Ly-\(\alpha\) Forest from Cholla Simulations

Single Absorber

The opacity \(\tau_{\nu}\) for cold interstellar gas can be approximated by:

\[\tau_{\nu}=\frac{\pi e^{2}}{m_{e} c} f_{\ell u} N_{\ell} \phi_{\nu}\]

The line profile function \(\phi_{\nu}\) is generally a Voigt profile, meaning that it has a Gaussian core and Lorentzian damping wings. If we focus on the Gaussian core, we can approximate \(\phi_{\nu}\) by a pure Gaussian,

\[\phi_{\nu}=\frac{1}{\sqrt{\pi} b} e^{-\left(1-\nu / \nu_{0}\right)^{2} /(b / c)^{2}} ; \quad b \equiv \sqrt{2} \sigma_{v}\]

where \(b\) is the Doppler broadening parameter.
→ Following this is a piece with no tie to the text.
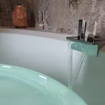 Antica Roccia A Calascio Con Idromassaggio villa includes a bathroom with a bidet, a hot tub, and a shower. Bathrooms also feature hair dryers for added comfort.
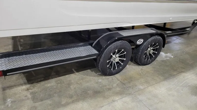 END OF YEAR CLEARANCE PRICING! Yamaha 200hp, Power bimini top w/extension, Docking Lights, ski tow, Boat Cover, dual batteries with trays, sst pull up Cleats, deluxe Mat Flooring Snap-in Panama Ice Gray, SS Cupholders and custom tandem trailer with brakes

This has a maximum value of \(1/\sqrt{\pi b}\) at line center \(\nu=\nu_0\) , so the (maximum) line center optical depth is:

\[\tau_{0}=\sqrt{\pi} \frac{e^{2}}{m_{e} c} \frac{f_{\ell u} \lambda_{u \ell} N_{\ell}}{b}=0.758\left(\frac{N_{\ell}}{10^{13} \mathrm{cm}^{-2}}\right)\left(\frac{f_{\ell u}}{0.4162}\right)\left(\frac{\lambda_{u \ell}}{1215.7 \mathrm{A}}\right)\left(\frac{10 \mathrm{km} \mathrm{s}^{-1}}{b}\right)\]

where \(\lambda_{u \ell} = c/\nu_0\) , and the normalization quantities are those appropriate for the Lyman-\(\alpha\) line of hydrogen. The optical depth in the Gaussian part of the line profile is then

\[\tau_{\nu}=\tau_{0} e^{-u^{2} / b^{2}}\]

where \(u=c(\nu_0 - \nu)/\nu\) is the velocity shift required to produce a frequency shift \(\nu\).